No se molestó en mirar o hablar a Kellhus durante un rato, aunque algo en su interior se mantuvo encogido durante todo ese tiempo. Cuanto más evitaba mirar a ese hombre, más temible le parecía volverse. Le resultaba más divino.
«¿Qué ves?»
Cnaiur se apretó los ojos con los dedos para hacer que desaparecieran las imágenes de Bannut.
La lluvia duró un día más antes de convertirse en una llovizna que velaba las lejanas laderas con capas de niebla. Otro día pasó antes de que se secara su lana y su cuero.
No mucho después, Cnaiur se obsesionó con la idea de matar al dunyaino mientras durmiera. Habían estado hablando de hechicería, con mucho el tema más frecuente de sus escasas conversaciones. El dunyaino se refería a ella constantemente, incluso le hablaba a Cnaiur de una derrota que había sufrido a manos de un guerrero–mago nohombre en el lejano norte. Al principio Cnaiur había dado por hecho que esa preocupación era debida a algún miedo del dunyaino, como si la hechicería fuera la única cosa que su dogma no era capaz de digerir. Pero entonces se le ocurrió que Kellhus sabía que él consideraba inofensivo hablar de hechicería y que por eso la utilizaba, para romper el silencio con la esperanza de conducirle hacia temas más útiles. Hasta la historia del nohombre, advirtió Cnaiur, era probablemente otra mentira, una falsa confesión pronunciada con el objetivo de implicarle en un intercambio de confesiones.
Después de descubrir este último ardid, pensó incomprensiblemente: «Cuando se duerma… Esta noche le mataré cuando se duerma».
Y siguió pensando eso a pesar de que sabía que no podía matarle. Sólo sabía que Moenghus había llamado a Kellhus a Shimeh. Era improbable que le encontrara jamás sin Kellhus.
Sin embargo, la noche siguiente se deslizó de sus mantas y se arrastró sobre los fríos pastos con su sable. Se detuvo junto a las ascuas del fuego mirando las formas inertes del hombre.
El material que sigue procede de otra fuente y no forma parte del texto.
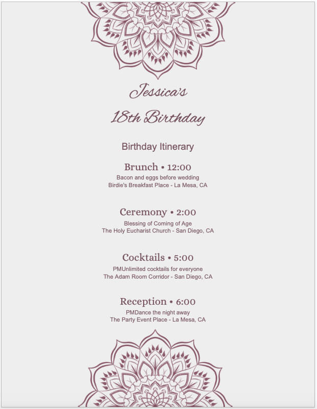 Bu doğum günü güzergahı şablonu, partiniz için her şeyi düzenli tutmak için müthiş. Öğle yemeğiyle başlayın, havuz partisine geçin ve içecek ve kulüp ekleyin. Ayrıca şablonu kendi parti faaliyetleriniz için tamamen özelleştirebilirsiniz.
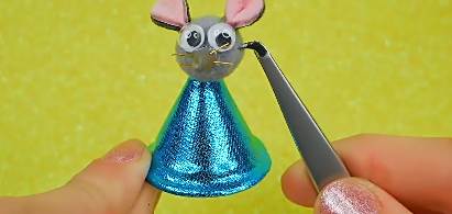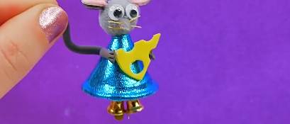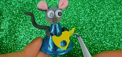 用织布做出一个小老鼠娃娃吧,剪出两个小圆圈弄成耳朵,把耳朵贴在布球上,粘上眼睛,用橡皮泥捏出鼻子,用铁丝做小胡子,用漏斗做出身体,披上蓝色外衣,将头放在身体上,弄上小尾巴,加上小铃铛,这样就好了,鼠年夜小老鼠守护芭比公主吧
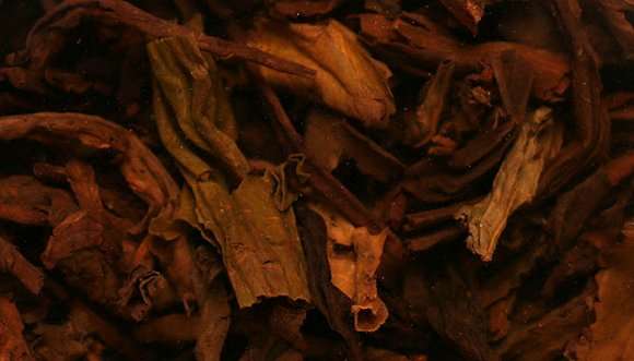 色澤黑褐帶黃褐,有一定的亮度,條索短小細碎,有梗,葉質尚柔軟、有彈性。

Respiración regular. El rostro resultaba tan tranquilo de noche como impávido de día. ¿Estaba despierto?
«¿Qué clase de hombre eres tú?»
Como un niño aburrido, Cnaiur peinó las puntas de las hojas de hierba circundantes con el filo de la espada, observando cómo se doblaban y después cómo se enderezaban bajo la luz de la luna.
En la mente se le aparecieron distintas posibilidades: su golpe detenido por las palmas desnudas de Kellhus; su golpe detenido por la traición de su propia mano; los ojos de Kellhus abriéndose y una voz procedente de ninguna parte diciendo: «Te conozco, scylvendio…, más que cualquier amante, cualquier Dios».
Se puso de cuclillas y se colocó sobre el hombre durante lo que pareció un largo rato. Después, presa de un ataque de duda y furia, regresó arrastrándose a sus mantas. Tembló durante un buen rato, como si fuera de frío.
Durante las dos semanas siguientes, las grandes mesetas del interior de Jiunati se fueron transformando gradualmente en una sucesión de abruptas pendientes. El suelo se tornó arcilloso, y la hierba creció hasta rozar los flancos de los caballos. Las abejas hacían garabatos a poca distancia, y grandes nubes de mosquitos les asaltaban cuando cruzaban las aguas estancadas. Cada día, sin embargo, la estación parecía batirse en retirada. El suelo se volvió más pedregoso, la hierba más baja y pálida, y los insectos más letárgicos.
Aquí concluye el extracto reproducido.